Transmission of shares

96. (1) Subsections (2) to (11) apply save to the extent that the company's constitution provides otherwise.

(2) In the case of the death of a member, the survivor or survivors where the deceased was a joint holder, and the personal representatives of the deceased where he or she was a sole holder, shall be the only persons recognised by the company as having any title to his or her interest in the shares.

(3) Nothing in subsection (2) shall release the estate of a deceased joint holder from any liability in respect of any share which had been jointly held by him or her with other persons.

(4) Any person becoming entitled to a share in consequence of the death or bankruptcy of a member may, upon such evidence being produced as may from time to time properly be required by the directors of the company and subject to subsection (5), elect either—

(a) to be registered himself or herself as holder of the share; or

(b) to have some person nominated by him or her (being a person who consents to being so registered) registered as the transferee thereof.

(5) The directors of the company shall, in either of those cases, have the same right to decline or suspend registration as they would have had in the case of a transfer of the share by that member before his or her death or bankruptcy, as the case may be.

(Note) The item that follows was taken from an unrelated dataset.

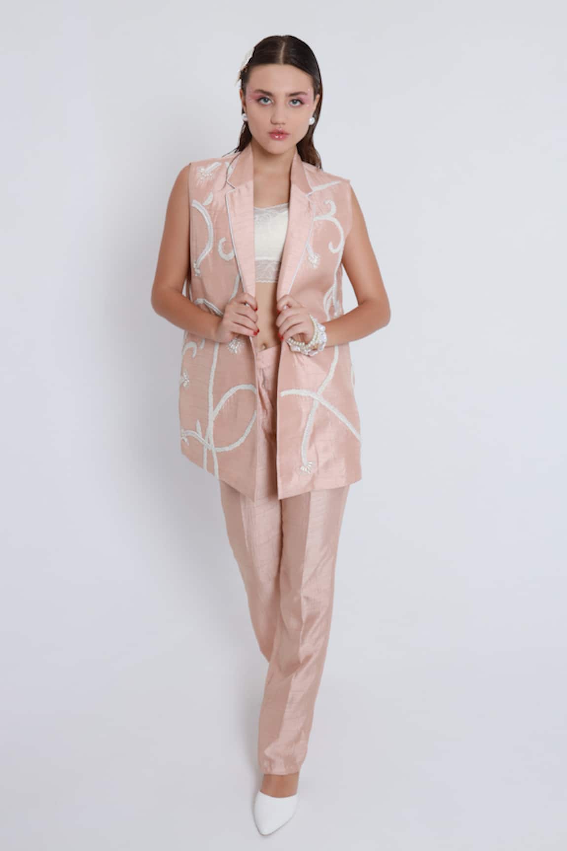 Pink Silk Pearl Embroidered Jacket & Pant Set

(6) If the person becoming entitled as mentioned in subsection (4)

(a) elects to be registered himself or herself, the person shall furnish to the company a notice in writing signed by him or her stating that he or she so elects; or

(b) elects to have another person registered, the person shall testify his or her election by executing to that other person a transfer of the share.

(7) All the limitations, restrictions and provisions of this Chapter relating to the right to transfer and the registration of a transfer of a share shall be applicable to a notice or transfer referred to in subsection (6) as if the death or bankruptcy of the member concerned had not occurred and the notice or transfer were a transfer signed by that member.

(8) Subject to subsections (9) and (10), a person becoming entitled to a share by reason of the death or bankruptcy of the holder shall be entitled to the same dividends and other advantages to which he or she would be entitled if he or she were the registered holder of the share.

(9) Such a person shall not, before being registered as a member in respect of the share, be entitled in respect of it to exercise any right conferred by membership in relation to meetings of the company.

(10) The directors of the company may at any time serve a notice on any such person requiring the person to make the election provided for by subsection (4) and, if the person does not make that election (and proceed to do, consequent on that election, whichever of the things mentioned in subsection (6) is appropriate) within 90 days after the date of service of the notice, the directors may thereupon withhold payment of all dividends, bonuses or other moneys payable in respect of the share until the requirements of the notice have been complied with.

(11) The company may charge a fee not exceeding €10.00 on the registration of every probate, letters of administration, certificate of death, power of attorney, notice as to stock or other instrument or order.

(12) The production to a company of any document which is by law sufficient evidence of probate of the will or letters of administration of the estate of a deceased person having been granted to some person shall be accepted by the company, notwithstanding anything in its constitution, as sufficient evidence of the grant.